A partir do governo de Alberto Fujimori, o Peru, assim como o Brasil, entrou em uma fase de reformas estruturais que lhe permitiu alcançar estabilidade econômica rara por essas bandas latinas. Cabe ressaltar que Vargas Llosa também era a favor dessas reformas, o que nos leva a crer que a história do Peru estava escrita em 1990.

No gráfico abaixo, podemos observar a relação entre a renda/capita do Brasil e a do Peru.

No início dos anos 90, a renda do Brasil era o dobro da peruana. Nos últimos 30 anos, o Peru praticamente nos alcançou, com a renda brasileira ficando apenas 15% acima da peruana (o ano de 2020 está contaminado pela epidemia).

O rating soberano do Peru foi elevado para Grau de Investimento em abril de 2008, um mês antes do Brasil. A diferença é que eles ainda são Grau de Investimento, com rating BBB+, enquanto nós perdemos o Grau de Investimento no final de 2015, sendo hoje BB-. Ou seja, precisaríamos de 5 upgrades para atingir o nível do Peru. Hoje, um título do governo do Peru de 10 anos está pagando 5% ao ano, enquanto o nosso, para atrair investidores, precisa pagar 9% ao ano.

O interessante é que a disciplina que permitiu diminuir as taxas de juros e aumentar a renda atravessou governos de esquerda (como o de Humala) assim como de direita (como o de Alejandro Toledo), ou mesmo simplesmente populistas, como o de Fujimori.

No entanto, algo aconteceu. Mais do que a Lava-Jato, que devastou a classe política peruana, um descontentamento generalizado parece estar dando as cartas, assim como aconteceu no Chile. Chegamos, então, ao artigo de Mario Vargas Llosa.

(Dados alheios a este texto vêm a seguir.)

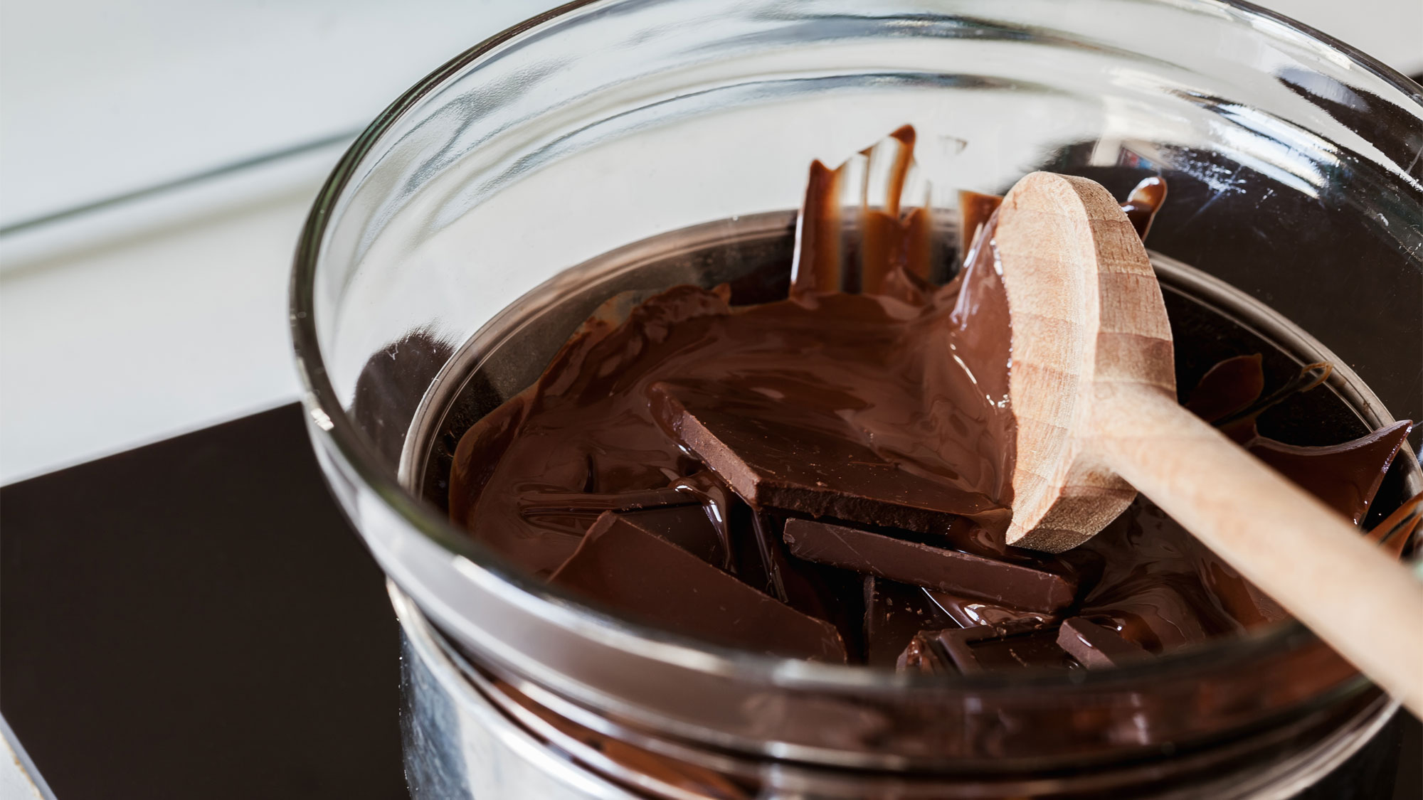 Melt the dark chocolate in a heatproof bowl over simmering water. Pour onto a lined baking tray and spread evenly.

Vargas Llosa, em seu artigo, prevê o fim das eleições livres, a lá Chavez/Maduro, caso o Guilherme Boulos deles, Pedro Castillo, seja eleito e implemente a sua agenda de estatização generalizada. Vê em Keiko Fujimori o “mal menor”, caso ela se comprometa a “respeitar a liberdade de expressão, não expulsar os juízes do Poder Judiciário e a convocar eleições ao término de seu mandato”. Ou seja, desde que a filha de Fujimori seja a democrata que seu pai não foi. Entre a ameaça à democracia pela esquerda e pela direita, Llosa opta por esta última. Se optou, é porque viu um “mal menor”.

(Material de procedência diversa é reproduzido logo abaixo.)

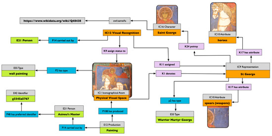 The graph in Figure 3 outlines the map of the information about the panel of Saint George in the church of Asinou. The map presents the description of the Visual Recognition of the representation of Saint George, which assigns the status of a representation to the iconographical atom in the south lunette of the narthex of the Asinou church. The representation is identified here as “Saint George.” However, the recognition of a specific subject is dependent on the knowledge the interpreter has of the context of production. A felicitous recognition is conditioned by a grasp of the context of the artwork, because, while many would recognise Saint George as the main subject of this wall painting, many others, not familiar with Christian iconography, would only recognise a man riding a horse. An expert in Byzantine iconography could instead quickly identify him as Diasorites, a more specific iconographical type. It is important to underline that such diversity in classification in respect to the same representation is, indeed, possible. The modelling in Figure 3 does represent only one of these possible recognitions (the one originally described in the record), but the same assertion, which assigns a representation value to an iconographical atom, is repeatable. We could have, therefore, an instance of IC1 Iconographical Atom acting as a hub of diverse visual interpretations carried out by different art historians who do not share the same knowledge on the subject, or who decide to diverge on the type of attribution (e.g., generic vs. specific). The (possible) selection of a chosen interpretation is not an ontological problem but an institutional one, and should be carried out on the basis of the provenance of the selected assertions.

O que mais me chama a atenção nisso tudo é o fato de o Peru ter, aparentemente, seguido à risca o receituário da Faria Lima para ser feliz: disciplina fiscal e reformas. O que nos leva à conclusão de que, se essas são condições necessárias para o progresso, estão longe de serem suficientes. O Peru está, igualzinho ao Brasil, entre a cruz e a caldeirinha, mesmo sendo um aluno exemplar.

A conclusão a que eu chego é que, por mais que façamos, somos reféns do nosso DNA, que determina a fraqueza de nossas instituições, eternamente capturadas por elites predatórias, e sempre ficaremos sujeitos a qualquer populista com discurso apelativo que aparece. A nossa pobreza é um destino.